Una rosa con tre spine in evidenza, le più pericolose. Quelle che stanno tenendo impegnati in queste ore i rappresentanti di Pd e Cinque Stelle, a caccia di un accordo che pare da giorni ormai definito e che però, come il celebre Godot di Beckett, non sembra mai arrivare. Si discute sulle poltrone, certo. Ma anche su un programma non ancora del tutto condiviso. Tanti punti, molti generici e più simili a buoni propositi che ad altro. E pochi scogli ancora da superare.
L’immigrazione, innanzitutto. Conte ha aperto a una nuova legge in merito, ed entrambi i partiti concordano sulla necessità di una riforma del Regolamento di Dublino, del meccanismo del Paese di primo ingresso in Europa, della gestione dei flussi migratori, della distribuzione delle persone in Europa.

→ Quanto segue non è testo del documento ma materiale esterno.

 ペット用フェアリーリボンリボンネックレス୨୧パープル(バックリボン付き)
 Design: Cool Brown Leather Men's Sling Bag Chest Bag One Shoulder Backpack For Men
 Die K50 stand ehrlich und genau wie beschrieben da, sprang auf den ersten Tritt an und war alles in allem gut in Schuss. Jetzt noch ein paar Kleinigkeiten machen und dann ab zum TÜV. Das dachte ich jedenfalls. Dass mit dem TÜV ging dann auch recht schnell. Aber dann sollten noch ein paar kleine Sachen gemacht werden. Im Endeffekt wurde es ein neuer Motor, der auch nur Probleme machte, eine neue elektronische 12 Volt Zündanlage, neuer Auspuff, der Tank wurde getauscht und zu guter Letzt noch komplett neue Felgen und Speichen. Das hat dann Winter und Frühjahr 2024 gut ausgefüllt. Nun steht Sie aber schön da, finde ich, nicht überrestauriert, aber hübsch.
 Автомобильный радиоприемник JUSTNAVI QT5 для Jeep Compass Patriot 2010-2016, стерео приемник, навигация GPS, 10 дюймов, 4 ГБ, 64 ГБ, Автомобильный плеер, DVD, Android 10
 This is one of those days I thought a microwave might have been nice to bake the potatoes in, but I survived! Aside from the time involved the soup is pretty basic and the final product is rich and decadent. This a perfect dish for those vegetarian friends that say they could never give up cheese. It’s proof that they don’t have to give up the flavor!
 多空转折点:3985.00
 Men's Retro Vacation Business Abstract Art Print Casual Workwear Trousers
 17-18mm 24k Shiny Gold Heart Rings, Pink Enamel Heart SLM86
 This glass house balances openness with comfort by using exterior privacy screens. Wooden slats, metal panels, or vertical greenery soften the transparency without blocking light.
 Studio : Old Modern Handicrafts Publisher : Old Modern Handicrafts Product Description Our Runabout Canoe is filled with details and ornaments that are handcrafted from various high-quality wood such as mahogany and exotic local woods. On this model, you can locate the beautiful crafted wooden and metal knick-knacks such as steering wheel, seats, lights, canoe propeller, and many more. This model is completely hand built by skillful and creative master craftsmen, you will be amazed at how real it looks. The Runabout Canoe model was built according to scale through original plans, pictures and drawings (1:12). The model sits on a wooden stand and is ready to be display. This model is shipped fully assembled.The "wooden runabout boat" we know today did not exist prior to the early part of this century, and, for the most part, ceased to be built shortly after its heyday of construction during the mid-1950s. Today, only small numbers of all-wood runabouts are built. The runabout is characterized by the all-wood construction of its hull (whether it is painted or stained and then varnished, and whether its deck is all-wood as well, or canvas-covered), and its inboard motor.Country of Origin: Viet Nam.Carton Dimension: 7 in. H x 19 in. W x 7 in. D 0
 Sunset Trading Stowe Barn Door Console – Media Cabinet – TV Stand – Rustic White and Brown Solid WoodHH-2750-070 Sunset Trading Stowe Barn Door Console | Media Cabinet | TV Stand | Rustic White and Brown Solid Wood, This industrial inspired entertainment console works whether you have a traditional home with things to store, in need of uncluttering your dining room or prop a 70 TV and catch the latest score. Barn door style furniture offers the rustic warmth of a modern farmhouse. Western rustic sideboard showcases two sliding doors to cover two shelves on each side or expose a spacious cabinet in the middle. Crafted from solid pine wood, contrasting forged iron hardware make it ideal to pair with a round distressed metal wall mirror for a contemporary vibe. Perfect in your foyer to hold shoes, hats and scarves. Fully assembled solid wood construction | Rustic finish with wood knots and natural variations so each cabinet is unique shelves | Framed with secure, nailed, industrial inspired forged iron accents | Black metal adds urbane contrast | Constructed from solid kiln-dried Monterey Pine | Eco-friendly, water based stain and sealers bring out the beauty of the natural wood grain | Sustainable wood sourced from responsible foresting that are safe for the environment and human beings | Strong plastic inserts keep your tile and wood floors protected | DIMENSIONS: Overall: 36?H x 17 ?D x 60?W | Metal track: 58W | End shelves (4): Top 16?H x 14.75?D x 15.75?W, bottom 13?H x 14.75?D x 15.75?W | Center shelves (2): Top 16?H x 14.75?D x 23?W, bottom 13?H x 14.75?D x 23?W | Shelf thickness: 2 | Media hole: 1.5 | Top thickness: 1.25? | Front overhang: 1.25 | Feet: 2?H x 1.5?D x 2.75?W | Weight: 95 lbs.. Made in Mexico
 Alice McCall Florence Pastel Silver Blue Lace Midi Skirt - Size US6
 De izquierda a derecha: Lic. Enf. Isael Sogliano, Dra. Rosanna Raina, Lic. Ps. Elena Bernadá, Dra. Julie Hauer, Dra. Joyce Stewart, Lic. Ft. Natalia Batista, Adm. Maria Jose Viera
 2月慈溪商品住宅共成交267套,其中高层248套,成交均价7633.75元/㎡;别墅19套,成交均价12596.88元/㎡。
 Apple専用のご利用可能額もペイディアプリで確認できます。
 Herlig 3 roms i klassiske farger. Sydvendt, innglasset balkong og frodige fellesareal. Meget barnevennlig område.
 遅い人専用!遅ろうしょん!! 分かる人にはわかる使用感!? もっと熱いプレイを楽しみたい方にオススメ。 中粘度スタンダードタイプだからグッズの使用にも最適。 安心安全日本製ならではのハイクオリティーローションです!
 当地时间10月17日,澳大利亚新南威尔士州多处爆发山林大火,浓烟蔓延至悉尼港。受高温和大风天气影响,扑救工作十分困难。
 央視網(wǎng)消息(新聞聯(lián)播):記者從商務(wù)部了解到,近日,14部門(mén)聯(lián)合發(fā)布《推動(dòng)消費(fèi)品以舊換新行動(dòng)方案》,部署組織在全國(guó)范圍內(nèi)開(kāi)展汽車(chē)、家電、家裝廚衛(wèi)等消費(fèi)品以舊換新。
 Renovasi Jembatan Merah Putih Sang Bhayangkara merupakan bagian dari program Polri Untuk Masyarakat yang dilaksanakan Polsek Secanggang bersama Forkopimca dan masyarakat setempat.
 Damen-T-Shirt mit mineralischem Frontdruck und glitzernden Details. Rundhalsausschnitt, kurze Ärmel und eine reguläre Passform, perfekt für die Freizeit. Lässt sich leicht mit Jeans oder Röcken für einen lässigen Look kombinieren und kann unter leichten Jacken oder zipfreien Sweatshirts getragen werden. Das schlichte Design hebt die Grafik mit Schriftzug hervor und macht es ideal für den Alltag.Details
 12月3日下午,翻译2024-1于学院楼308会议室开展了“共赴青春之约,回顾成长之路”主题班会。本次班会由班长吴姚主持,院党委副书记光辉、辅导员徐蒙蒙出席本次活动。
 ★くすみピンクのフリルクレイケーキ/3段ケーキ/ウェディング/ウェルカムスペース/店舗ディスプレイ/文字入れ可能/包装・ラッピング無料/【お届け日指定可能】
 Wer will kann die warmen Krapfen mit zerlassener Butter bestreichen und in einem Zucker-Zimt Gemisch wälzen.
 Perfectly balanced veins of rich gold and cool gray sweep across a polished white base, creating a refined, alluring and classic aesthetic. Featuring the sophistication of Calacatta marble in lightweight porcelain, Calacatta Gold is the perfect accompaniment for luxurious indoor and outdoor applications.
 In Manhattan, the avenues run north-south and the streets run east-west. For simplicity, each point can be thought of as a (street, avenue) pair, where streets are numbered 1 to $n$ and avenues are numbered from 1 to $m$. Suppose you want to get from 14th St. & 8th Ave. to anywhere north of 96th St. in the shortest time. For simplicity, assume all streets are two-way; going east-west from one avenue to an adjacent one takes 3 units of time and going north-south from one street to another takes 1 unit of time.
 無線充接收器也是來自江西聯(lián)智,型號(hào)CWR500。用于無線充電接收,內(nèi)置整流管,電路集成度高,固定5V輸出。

Restano però contrasti evidenti. Come quelli sottolineati dal recente caso Mare Jonio, con Zingaretti a chiedere lo sbarco e i ministri Trenta e Toninelli a controfirmare, invece, il divieto.
Poi il taglio dei parlamentari, sul quale a parole 5 Stelle e Pd sembrano ora concordare. Al disegno di legge costituzionale mancherebbe un ultimo voto a Montecitorio. Poi potrebbe essere sottoposto al vaglio di eventuale referendum confermativo. In aula il Pd, insieme alle altre forze di centrosinistra, aveva votato contro. E ora? I dem sono pronti a sostenere la riforma, accompagnandola però dal ridisegno dei collegi e dal passaggio a una legge elettorale proporzionale pura. Tutti punti da discutere. E che richiederanno tempo.
Infine l’ambiente, tema caro sulla carta a grillini e dem in egual misura. I pentastellati invocano in concreto lo stop alle trivellazioni e a nuovi inceneritori. Sulla questione trivelle, per esempio, si ricorderà che al referendum sulle trivellazioni del 2016 – gli elettori erano stati chiamati a decidere se vietare il rinnovo delle concessioni estrattive di gas e petrolio per i giacimenti esistenti entro le 12 miglia dalla costa italiana – la posizione ufficiale (come di consueto, tormentata) del Partito Democratico era stata per l’astensione, mentre il Movimento 5 Stelle aveva fatto campagna per il sì. Risultato: nonostante la netta preponderanza dei suffragi favorevoli all’abrogazione della norma, il referendum non raggiunse il quorum. Come auspicava Matteo Renzi.